Так два из четырех присланных для прохождения фронтовых испытаний И-1 пришлись весьма к месту, когда среди вернувшихся с очередного вылета тяжелых бомбардировщиков не оказалось машины Андрея Александровича Кованько — младшего сына генерал-лейтенанта Кованько. Как впоследствии поведали вернувшиеся пилоты, его бомбардировщик был атакован тройкой монопланов, с которых велся очень точный и губительный пулеметный огонь. Те сперва атаковали звено русских бомбардировщиков в лоб, а после насели на машину Кованько, поскольку у нее оказался поврежден один из двигателей, из-за чего старенький У-3 не смог развить скорость более 100 километров в час. Попытки же прикрыть товарища пулеметным огнем своих стрелков не увенчались особым успехом. На командирской машине ответным огнем немцев оказался убит единственный стрелок и получил ранение в голову второй пилот. Бомбардировщик лишь чудом не получил критических повреждений, вернувшись домой с более чем семью десятками пробоин. А у второго ведомого из-за разорвавшейся в патроннике гильзы намертво заклинило пулемет, отчего они оба сами были вынуждены спасаться бегством. Тем более что с борта поврежденного У-3 продолжали вести весьма активный ответный огонь. Правда, этот момент оказался последним, когда отставший У-3 видели в последний раз. Назад на аэродром Варшавы он так и не вернулся.

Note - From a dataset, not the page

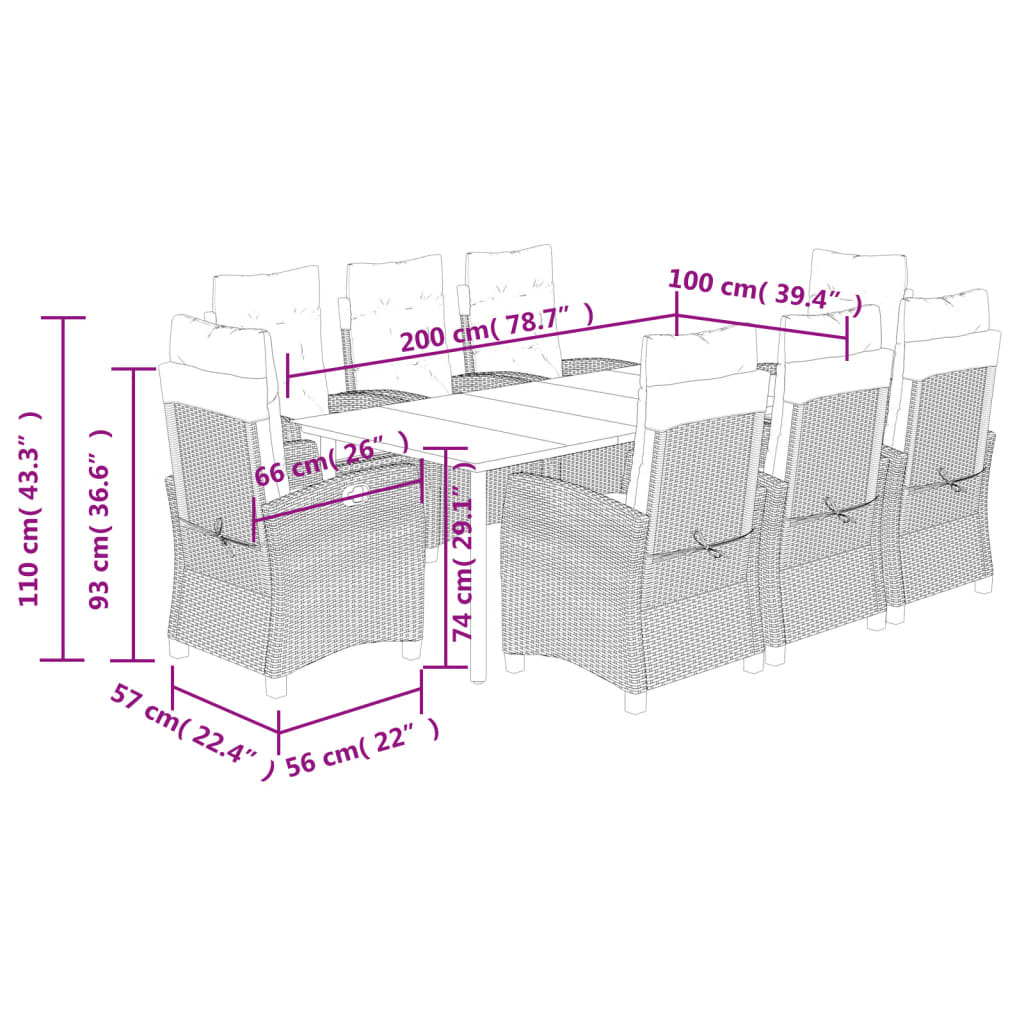 Sættet består af et stilfuldt havebord med glasplade og fire komfortable havestole med justerbart ryglæn, hvilket gør det ideelt til både spisning og afslapning. De medfølgende luksushynder i antracitgrå sikrer optimal siddekomfort, mens det vejrbestandige polyrattan-materiale garanterer holdbarhed sæson efter sæson.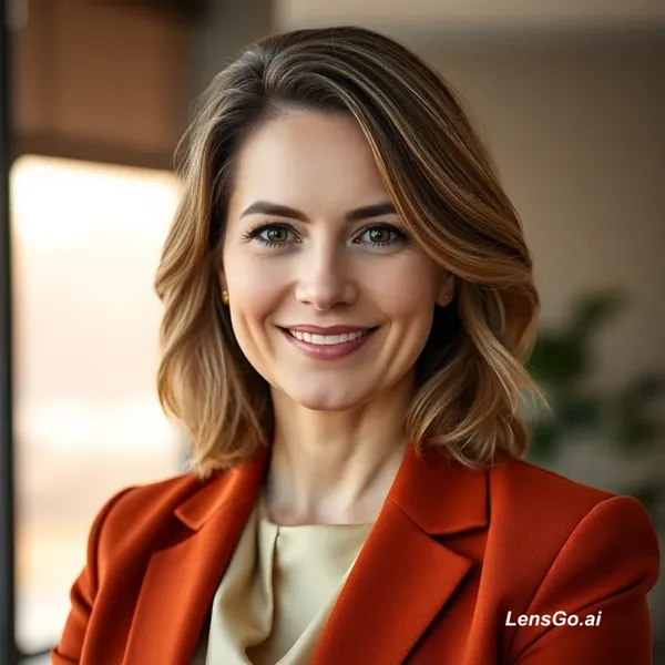 Professional corporate headshot of a 38-year-old Dutch woman, shoulder-length dark blonde hair with soft natural waves, warm friendly confident smile, hazel-green eyes, subtle makeup, small gold stud earrings, wearing a terracotta-rust blazer over a cream silk blouse, photographed in a modern office with warm golden hour window light, shallow depth of field, softly blurred neutral background, shot on Sony A7 IV with 85mm f/1.4 lens, editorial fintech magazine style, photorealistic, sharp detail on face, cinematic color grading, 4K

Вот именно с того момента оставшиеся тяжелые бомбардировщики начали ходить исключительно всем составом и под прикрытием пары истребителей.
По всей видимости, определенная система оповещения о воздушном налете у немцев уже была создана, поскольку на подходе к цели столь крупный отряд оказался перехвачен всеми семью имевшимися у немцев Фоккерами E-1. Что, впрочем, не сильно помогло германским пилотам, так как им выпала тяжкая доля повстречаться в бою с новой русской крылатой машиной, на все последующее десятилетие ставшей более чем грозным противником для любого иного аэроплана.